■ Description of the task
Exact copy, no pictures: take the lines of the listing below from the first through the one containing "Free Hello Kitty".

■ Material supplied

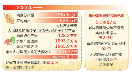 一分耕耘一分收獲。近年來,我省糧食和重要農(nóng)產(chǎn)品生產(chǎn)穩(wěn)定、供給充足,農(nóng)業(yè)農(nóng)村現(xiàn)代化不斷邁出新步伐。2023年,糧食總產(chǎn)量295.6億斤,平均畝產(chǎn)623.5斤,均創(chuàng)歷史新高;人民群眾的米袋子、菜籃子、果盤子更加豐富,肉蛋奶總產(chǎn)量428.2萬噸,水果、蔬菜產(chǎn)量分別達到1093.2萬噸、1065.9萬噸;全省農(nóng)村居民人均可支配收入17677元,同比增長8.3%。這些成績的取得,得益于科技賦能助力。2023年我省農(nóng)業(yè)科技貢獻率達到63.5%,高于全國平均水平。
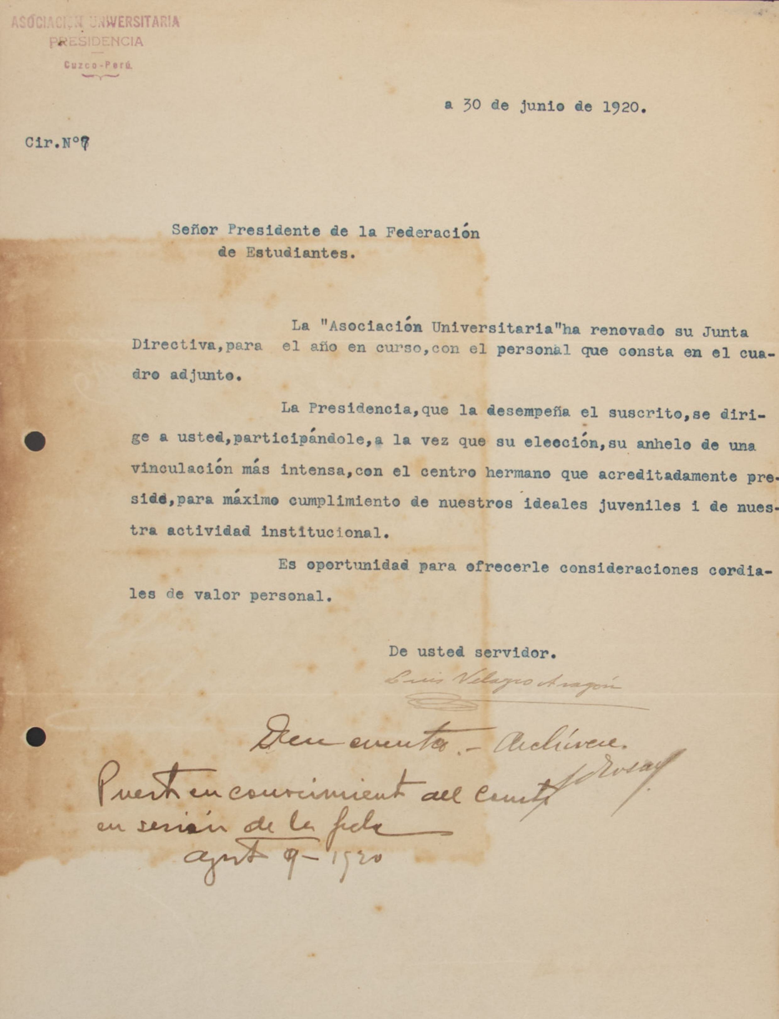 Propuesta para conceder el título de Miembro de Honor de la FEP a los integrantes del Comité Universitario Pro Defensa de la Paz en América y Derechos del Perú, con sede en Argentina, en reconocimiento a su labor en favor de la causa peruana. Se propone contestar su mensaje y enviar los diplomas correspondientes a través de la legación peruana en Argentina.
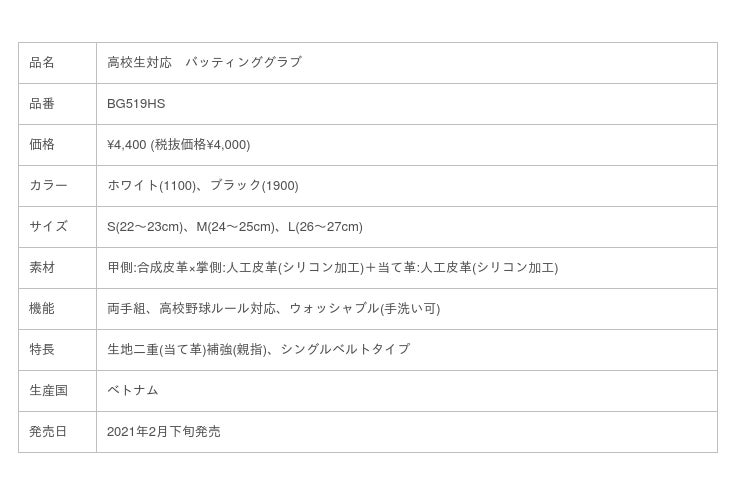 「ベースボールを科学する。」ゼット株式会社(本社/大阪市天王寺区、代表取締役社長/渡辺裕之)は、高いグリップ力と耐久性を両立させたノンスリップタイプ【高校生対応バッティンググラブ BG519HS】を発売しました。
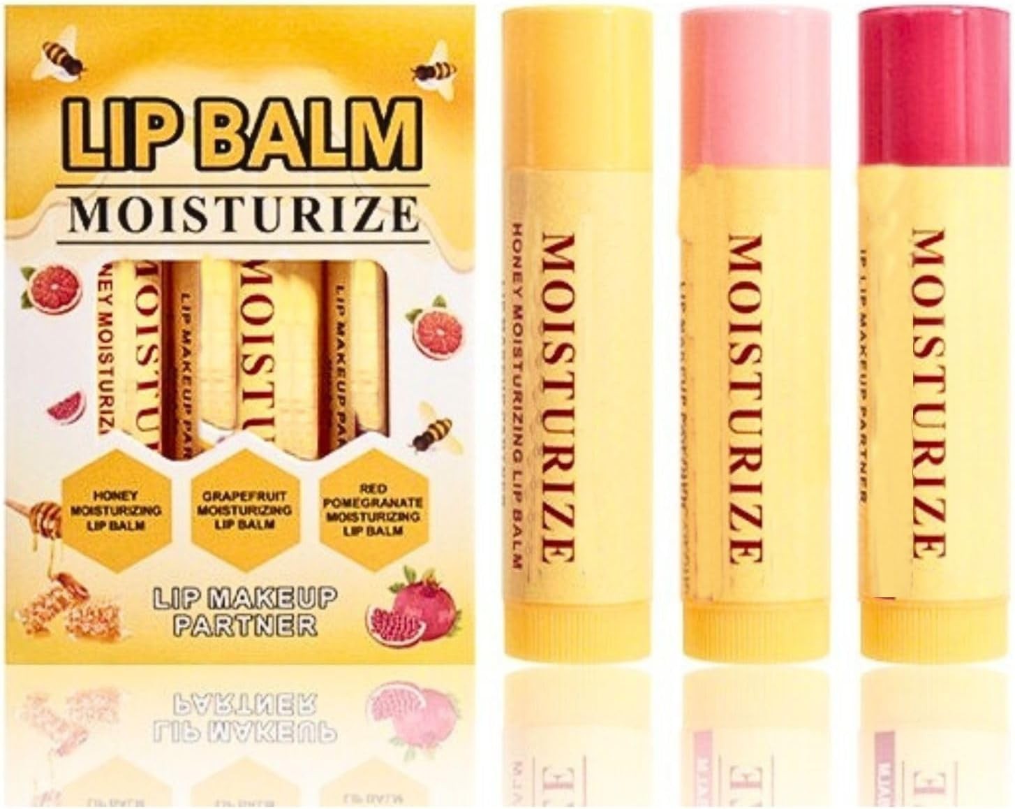 3 Pcs Lip Balm Gift Set,Bees Lips Balm Multipack with 3 Fruity Flavours Natural
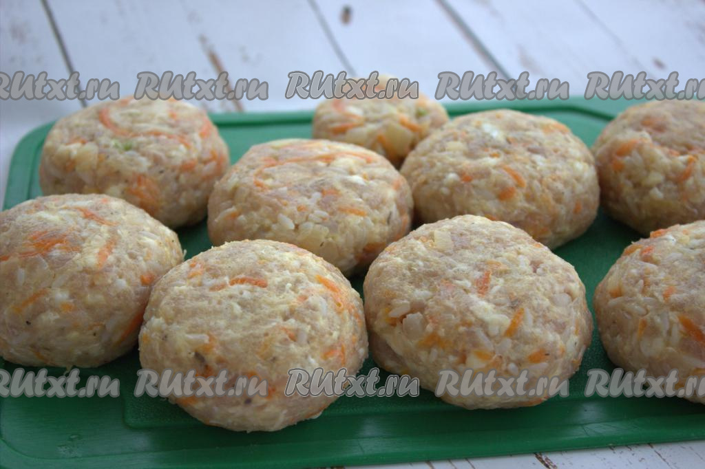 Из получившегося мясного фарша сформировать круглые "ёжики" желаемой формы (у меня получилось 8 котлет диаметром 6-7 сантиметров и одна маленькая котлетка).
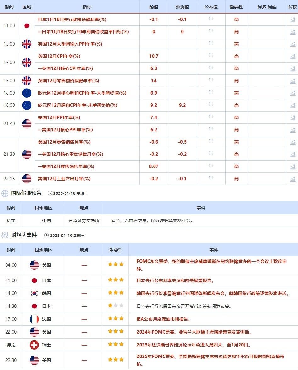 1月18日当天,纽约联储主席威廉姆斯, 亚特兰大联储主席博斯蒂克和圣路易斯联储主席布拉德将发表讲话,IEA公布月度原油市场报告,都可能影响市场走势,也需引起重视。
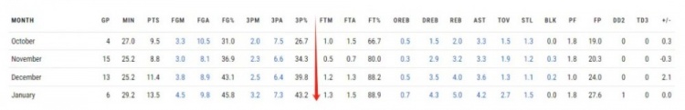 迪溫賽季三分命中率36.7%,遠(yuǎn)不及過去兩年高光,但他的手感在逐月回升,平均準(zhǔn)星很有希望回到去年。
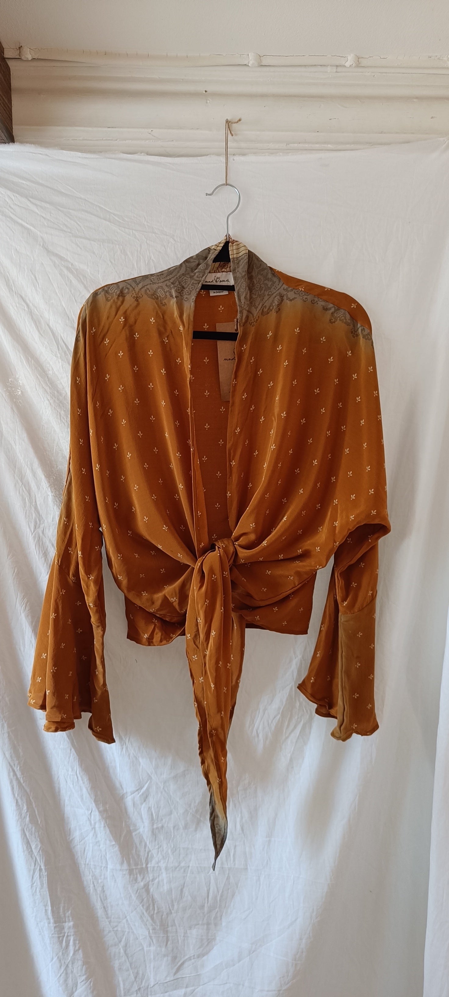 Helt unik knyttopp efter bästsäljande modellen Tie Top. Gjord av handplockat vintage silke från norra Indien. Tyget räcker enbart till en topp i just det här utförandet, vilket innebär att varenda en är helt one-of a kind. Toppen är fin att knyta framtill, "wrappa runt" sig eller bara låta hänga. Perfekt till jeans eller över en klänning.
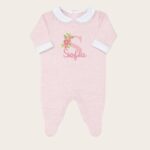 Possui gola e punhos com acabamento em greper, que trazem um toque de sofisticação e exclusividade. O grande diferencial está no bordado personalizado com a inicial e o nome do bebê, criando uma peça única e especial para momentos inesquecíveis, como saída da maternidade ou ensaios newborn.
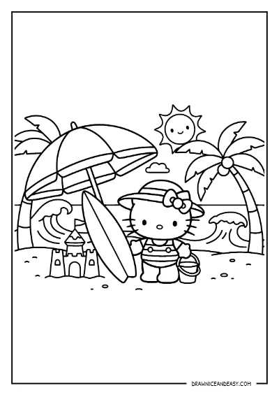Free Hello Kitty beach umbrella coloring page — relaxing summer beach scene with Hello Kitty under the sun! Download as high-quality PDF and print instantly at home. Perfect for summer fun and Hello Kitty beach coloring pages!
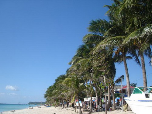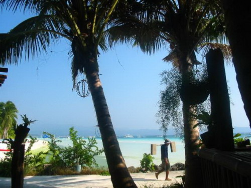 听朋友描述菲律宾长滩美得像人间天堂一般,阳光、沙滩、海洋,都是超浪漫的。正好网上看了旅游族的推荐,4000不到一点,蛮超值的。所以参加了这次的马尼拉长滩岛5日游。 第1天 上海-马尼拉 从上海浦东机场搭乘豪华客机飞往菲律宾首都马尼拉。一出机场就有人来接我们,由旅游公司人员迎接于机场后前往酒店休息。 第2天 马尼拉-波拉克长滩 早餐后乘菲律宾国内航机飞往长滩,抵达后转车前往码头,跳上快船直往菲律宾目前最新、宣传最劲的观光地点之一波拉克长滩岛。波拉克岛是位于未狮耶群岛东南面的一个宁静海滩, 是神仙捧下变幻出的奇丽小岛,小岛均设有度假式酒店, 蔓生着翡绿的椰子树,拥有沙白如粉的白沙滩,沿岸一带的色彩斑斓珊瑚及鱼群,令人难以忘怀,多姿多彩的海洋生物更是潜水一族的乐士。10分钟左右的时间,此时的海水已经清得让人折服。 假如说亚龙湾是个被上帝宠坏了的地方的话,那长滩就是个被宠坏得让人嫉妒的地方。那里有湛蓝如玉的海水,细白如粉的沙滩,郁郁葱葱的椰林,风情万种的生活。阳光明媚下的长滩美如画,夕阳下的长滩让人陶醉, 夜色下的长滩热闹非凡。 第3天 波拉克长滩岛出海 今天终于可以看到美丽的大海了。大海太美了,海蓝的是那么的多彩,与蓝天白云是那么的协调, 深的浅的如同蓝色的水晶般在阳光下闪耀着迷人的光彩。我陶醉了。长滩的沙滩是白色的,很细软,赤脚走在上面感觉微微的温热,海风热情的吹拂你的脸庞,椰林轻声欢畅。真是天上人间啊! 长滩岛也是着名的潜水地点,船带我们绕岛一周,到了海中央的地方我们就可以自行下海潜水。教练让我们先看好他们的示范怎样下海。人坐在船身背对着大海穿上装备,右手护住呼吸器与面镜,左手放在后脑勺,人向后翻下海去。本来还不怎么害怕,看见这样的下海动作,开始有点哆嗦了,因为我不会游泳。教练鼓励我,终于我一狠心翻身下去,只觉得人完全浸入海水后,身体慢慢浮出海面了。潜水中教练要求我们要看着他的眼睛手势,不要乱碰海洋生物,因为有的是很危险的。开始我还怕眼睛进水不敢把头扎下去,后来发现海底世界是那么的美丽。各种各样的彩色鱼儿在身边游来游去,还有蓝色的大海星在岩石上缓慢的移动!看到美丽的小丑鱼,与动画片中一模一样,还看到毒性很厉害的海蛇,很好玩的狮子鱼等等。教练不但为我们拍照,还为那些海洋生物拍照。我们终于完成了一次海底历险吧。 回到海边太阳已然偏西了。我们沿着沙滩赤足漫步,细软的白沙保留着落日的余温,潮水卷着纤柔的海草,温柔的拍打着我怕痒的脚丫。眼前,是一片红霞满天的世界;鼻尖,是一缕清新暖湿的海风。夕阳西下,一艘艘出海的帆船在天边的余辉中慢慢靠岸,五彩斑斓的船帆先是被蒙了一层金边,渐渐的又被晚霞所染红,只留下一个个移动的剪影,像是一出真真切切的皮影戏。这时候,岸边的酒店和餐厅都纷纷将实木案几和松软的靠垫摊在沙滩上,并在四周支起一盏盏烛灯,有些镶嵌着一枚枚晶莹雪白的贝壳,透出氤氲迷离的光,配着轻柔的jazz或者塬住民音乐,浪漫得让人几乎忘记了果腹之欲。 第4天 波拉克长滩岛—马尼拉 今天决定好好享受阳光,我们准备早上去海边游泳。吃完早餐我们漫步在海边沙滩,站在白沙滩上面对着大海,海水由浅到深,从细沙的白色到浅绿到浅蓝,再深蓝,最后是蓝蓝的天空白白的云,每种颜色都那么纯粹,忽然觉得词汇的苍白,海滩上人很少,三三两两的享受着阳光、沙滩,很羡慕当地人的健康肤色。让双脚浸泡在清澈的海水中,一阵阵凉意袭来,无比美妙舒服。清晨的海滩实在漂亮。经过一晚涨退潮后,沙滩上的污物已经给潮水带去,只剩下冲刷得雪白平整的海滩,蓝蓝的天,清澈的海水还有凉爽的海风。沙滩的沙子光洁细滑,没有石头等的杂物,,赤脚踩在沙滩上玩水就好像踩在地毯般舒服,实在让人全身心的放松。吹着海风,听着海浪,看着偶尔一只帆船漂过,忽然觉得这才叫生活,这才叫惬意啊。 玩累了就坐在沙滩的椅子上晒晒太阳,看看风景,下海玩一会儿,没想到浅滩就有很多小鱼,追逐着小鱼游来游去非常有意思,水特别清,清澈见底,脚下的沙尤其细软,一点都没有沙子硌脚的感觉,细腻得像面粉,简直难以想象,特别是往海里走百八十米脚底都是这样平滑细腻的感觉,海面上风平浪静,最适合游泳和玩水。踩着这样的沙滩就像在享受脚底按摩,导致我后面几天只要一有机会就光脚踩在沙里,吃饭也好,散步也好,抓紧一切和白沙滩亲近的机会。好奇得抓起一把沙想仔细看看,洁白细腻纯粹,阳光的照耀下晶莹剔透,风轻轻一吹就四处飞散开来。看到有人长久得躺在沙滩和海水的交界处,任凭海水随着浪花冲到身上,看起来很享受的样子。于是我也尝试了一下,果然很舒服,就像躺在记忆床垫上一样。就是有一点,沙子弄到头发上后比较难清理,因为它们实在太细了。不小心喝到一点海水,居然也不难喝。 下午的项目是滑翔伞和坐帆船出海看夕阳。坐了将近10分钟快艇离开海岸,在深海处上了玩滑翔伞的大汽艇,几个船员给我们穿上救生衣,接着船员们把五颜六色的漂亮滑翔伞在船后面打开,系好我们的安全带,忽然加快船速,我们呼的一下被放了起来,绳子越拉越长,船越来越小,我们也越升越高,还来不及害怕,已经升到很高很高了,一根绳子系在我们和船中间,拽着我们跑啊
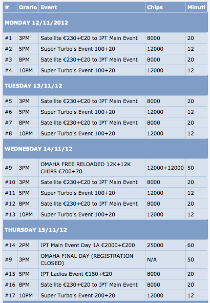 Το Main Event έχει buy in €2.000 + €200 με cap τους 500 παίκτες. Οι συμμετέχοντες θα ξεκινήσουν με 25.000 μάρκες σε ωριαία blind levels. ενώ συνολικά θα διεξαχθούν 23 events. Το πλήρες πρόγραμμα μπορείτε να το διαβάσετε στον πίνακα που ακολουθεί.
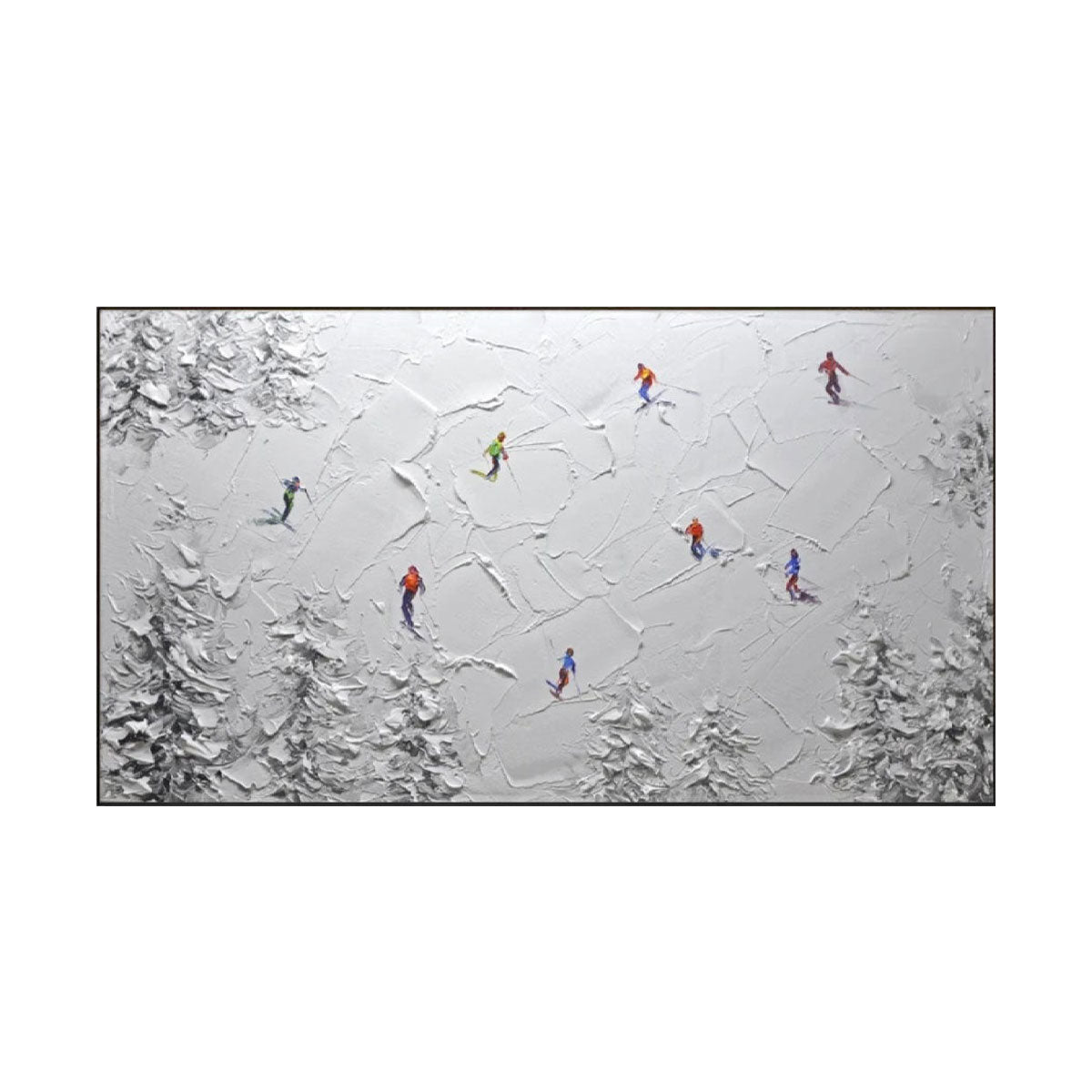 This dramatic textured painting captures a group of skiers descending through a snow-covered forest under a deep night sky. The bold palette-knife strokes create striking depth and dimension, while the bright ski outfits bring vibrant pops of color against the monochrome winter landscape. Snow-laden pine trees add structure and atmosphere, making this piece a captivating blend of motion and contrast.

■ The completed task
 一分耕耘一分收獲。近年來,我省糧食和重要農(nóng)產(chǎn)品生產(chǎn)穩(wěn)定、供給充足,農(nóng)業(yè)農(nóng)村現(xiàn)代化不斷邁出新步伐。2023年,糧食總產(chǎn)量295.6億斤,平均畝產(chǎn)623.5斤,均創(chuàng)歷史新高;人民群眾的米袋子、菜籃子、果盤子更加豐富,肉蛋奶總產(chǎn)量428.2萬噸,水果、蔬菜產(chǎn)量分別達到1093.2萬噸、1065.9萬噸;全省農(nóng)村居民人均可支配收入17677元,同比增長8.3%。這些成績的取得,得益于科技賦能助力。2023年我省農(nóng)業(yè)科技貢獻率達到63.5%,高于全國平均水平。
 Propuesta para conceder el título de Miembro de Honor de la FEP a los integrantes del Comité Universitario Pro Defensa de la Paz en América y Derechos del Perú, con sede en Argentina, en reconocimiento a su labor en favor de la causa peruana. Se propone contestar su mensaje y enviar los diplomas correspondientes a través de la legación peruana en Argentina.
 「ベースボールを科学する。」ゼット株式会社(本社/大阪市天王寺区、代表取締役社長/渡辺裕之)は、高いグリップ力と耐久性を両立させたノンスリップタイプ【高校生対応バッティンググラブ BG519HS】を発売しました。
 3 Pcs Lip Balm Gift Set,Bees Lips Balm Multipack with 3 Fruity Flavours Natural
 Из получившегося мясного фарша сформировать круглые "ёжики" желаемой формы (у меня получилось 8 котлет диаметром 6-7 сантиметров и одна маленькая котлетка).
 1月18日当天,纽约联储主席威廉姆斯, 亚特兰大联储主席博斯蒂克和圣路易斯联储主席布拉德将发表讲话,IEA公布月度原油市场报告,都可能影响市场走势,也需引起重视。
 迪溫賽季三分命中率36.7%,遠(yuǎn)不及過去兩年高光,但他的手感在逐月回升,平均準(zhǔn)星很有希望回到去年。
 Helt unik knyttopp efter bästsäljande modellen Tie Top. Gjord av handplockat vintage silke från norra Indien. Tyget räcker enbart till en topp i just det här utförandet, vilket innebär att varenda en är helt one-of a kind. Toppen är fin att knyta framtill, "wrappa runt" sig eller bara låta hänga. Perfekt till jeans eller över en klänning.
 Possui gola e punhos com acabamento em greper, que trazem um toque de sofisticação e exclusividade. O grande diferencial está no bordado personalizado com a inicial e o nome do bebê, criando uma peça única e especial para momentos inesquecíveis, como saída da maternidade ou ensaios newborn.
Free Hello Kitty beach umbrella coloring page — relaxing summer beach scene with Hello Kitty under the sun! Download as high-quality PDF and print instantly at home. Perfect for summer fun and Hello Kitty beach coloring pages!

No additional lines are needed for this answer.